For further discussion of this case, see our recently published piece in the ABA “Secure Times” newsletter. And for a broader discussion of how other cases have addressed these types of claims, please see our article published in Andrews Litigation Reporter.

(Kelley Drye & Warren LLP Associate Veronica D. Jackson contributed to this post.)

Plaintiffs File Suits Alleging Gift Cards With Expiration Dates In Less Than 10-Point Font Violate California Law

A number of class action lawsuits recently have been filed in California state court in San Diego County against a wide range of merchants as well as gift card issuers alleging, among other things, that the defendants have violated the California Civil Code by issuing gift cards that bear either an obscured expiration date, or an expiration date that is not as prominently displayed as is required under California state law.
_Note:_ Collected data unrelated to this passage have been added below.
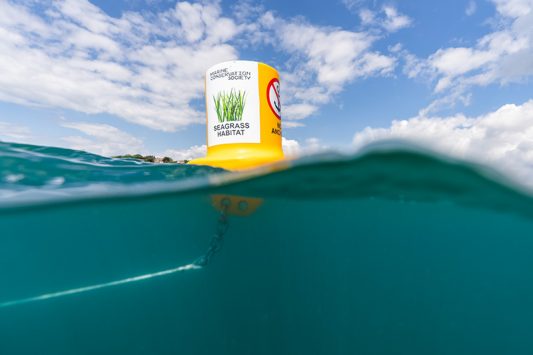 Dr Jean-Luc Solandt, Principal Specialist of Marine Protected Areas at the Marine Conservation Society, explains why the ‘no anchor zone’ buoys are so significant: “The area of Seagrass we are seeking to protect with this installation is around 300,000m2 and we’re aiming to protect it from damage made by visiting vessels anchoring in this area. Seagrass is the most important habitat in the marine environment for our fight against climate change, even though it covers a very small amount of our sea, it is extremely effective at capturing carbon and supporting fish populations.”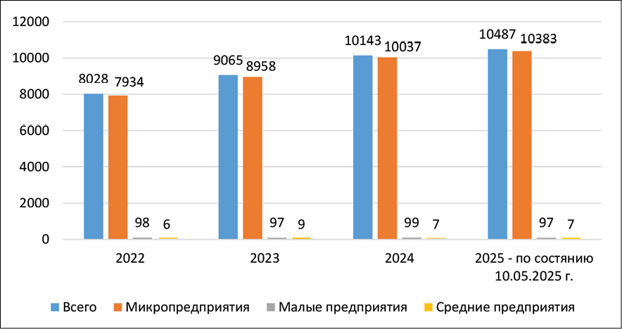 Рис. 1. Количество МСП Республики Тыва за 2022-2025 гг. [13] Источник: составлен авторами на основе данных Единого реестра субъектов малого и среднего предпринимательства ФНС России
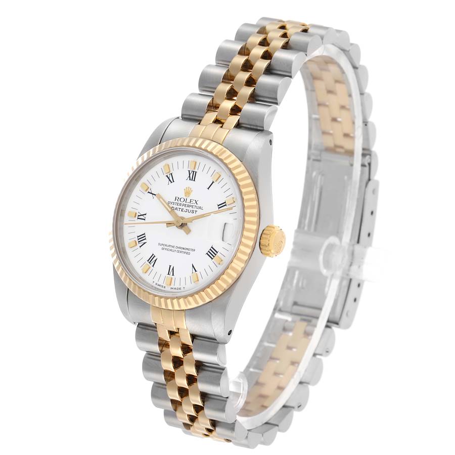 Replica Rolex Datejust Steel Yellow Gold White Dial Mens Watch 16233 Box Papers. Officially certified chronometer automatic self-winding movement. Stainless steel case 36.0 mm in diameter. Rolex logo on the yellow gold crown. 18k yellow gold fluted bezel. Scratch resistant sapphire crystal with a cyclops magnifier. White dial with raised yellow gold baton hour markers and Roman numerals. Date window at the 3 o'clock aperture. Stainless steel and 18k yellow gold jubilee bracelet with a fold-over clasp. Fits a 7 1/4" wrist.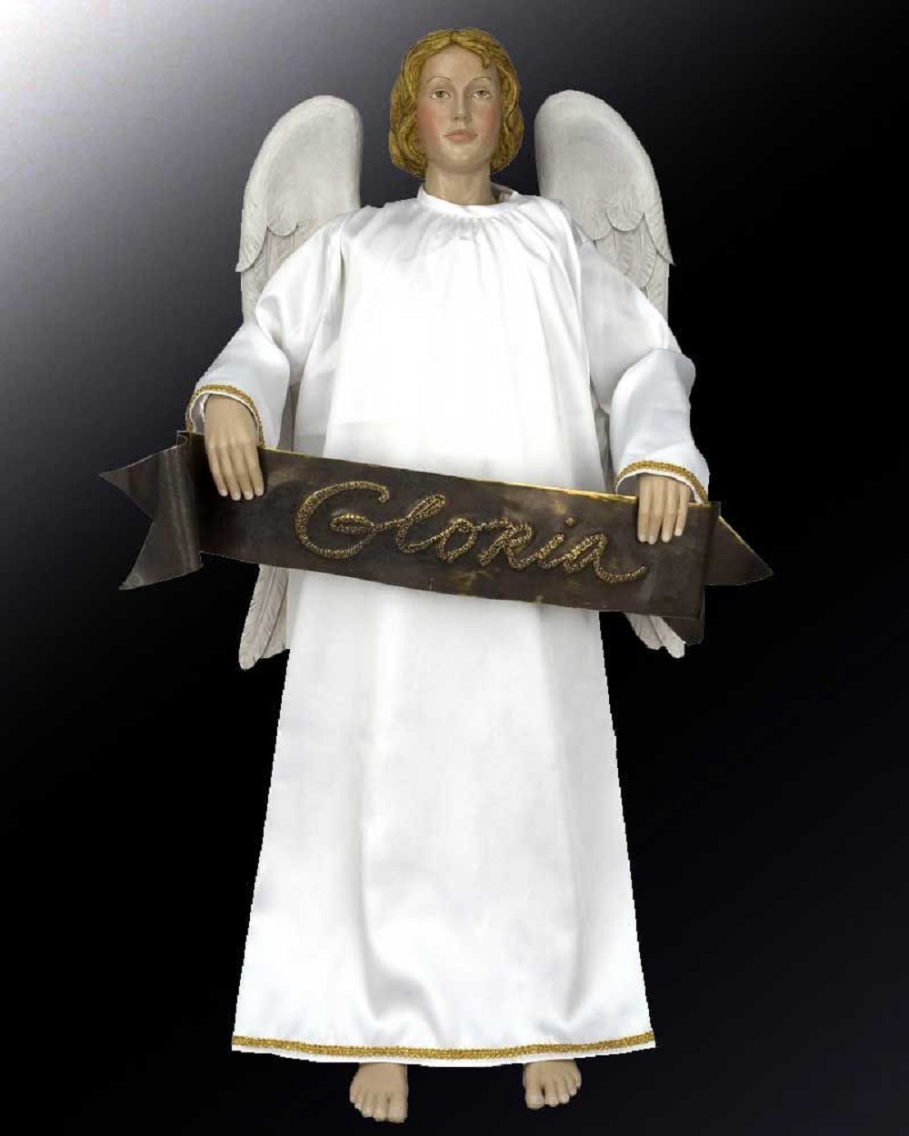 Verkündigungsengel mit geschnitzten Flügeln, Schriftband „Gloria“ aus ziseliertem Messing, patiniert.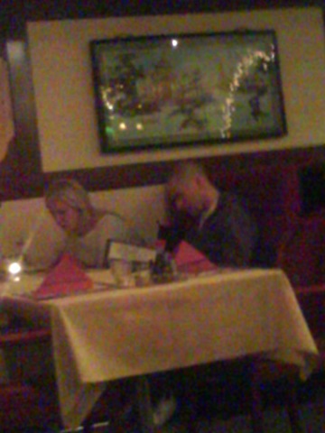 ...efter showen så blev det middag. Denna gång på Tatung där det faktiskt var alldeles lagom med folk sent en lördagkväll. Vilka enorma portioner - hur ska man få i sig all den maten hade dom tänkt! Bra portion till Johan i och för sig, men han orkade inte ens äta upp mina rester...då är det mycket (det vet alla som känner min sambo)! Hehehe...det fanns väl flera orsaker till att det var svårt att äta.. precis när vi fått maten så kommer nämligen Betnér och co. dit och sätter sig vid bordet bredvid oss... snacka om att man blev en nervöst fnittrande fjortis...hihi! Fram med mobilen och smyg-ta bilder! Jäkla dålig belysning och skitkamera säger jag bara - men ser ju inte ens vem det är ju! Men vilken kväll!

Section 1749.5 of the California Civil Code makes it unlawful to sell gift certificates or gift cards that contain an expiration date unless the expiration date appears in capital letters in at least 10-point font on the front of the gift card. So far retailers such as Saks, Staples, Borders, Visa, and American Express, among others, have been sued in separate class actions alleging violations of Section 1749.5, as well as the Business and Professions Code and the California Consumer Legal Remedies Act.

For example, in Michaelson v. Staples, Inc., Case No. 37-2009-00083487 (Cal. Super. Ct., San Diego Cty.), plaintiff alleges that an expiration date on a Staples gift card, mailed to the plaintiff as part of a promotion, was in less than 10-point font. Plaintiff alleges the card expired before he noticed the expiration date. In Robert Loiseau v. Visa U.S.A. Inc., Case No. 37-2009-00085443 (Cal. Super. Ct., San Diego Cty.), plaintiff alleges that a gift card, purchased for its face value, improperly contained an obscured expiration date, charged a processing fee, and required other allegedly unreasonable terms and conditions.

Gift cards are a tricky business when it comes to complying with the patchwork quilt of state-by-state regulations (as well as FTC oversight) over them. The permissibility of expiration dates, redemption in cash once a minimum balance has been reached, disclosures of terms and conditions, and escheatment of remaining balances are just some of the issues that businesses must confront and address. This new wave of lawsuits serves as a reminder to merchants and gift card issuers of the need to monitor state and federal regulations, as well as to periodically evaluate their gift card programs with counsel.

(Kelley Drye & Warren LLP Associate Elissa O. Tomanda contributed to this post.)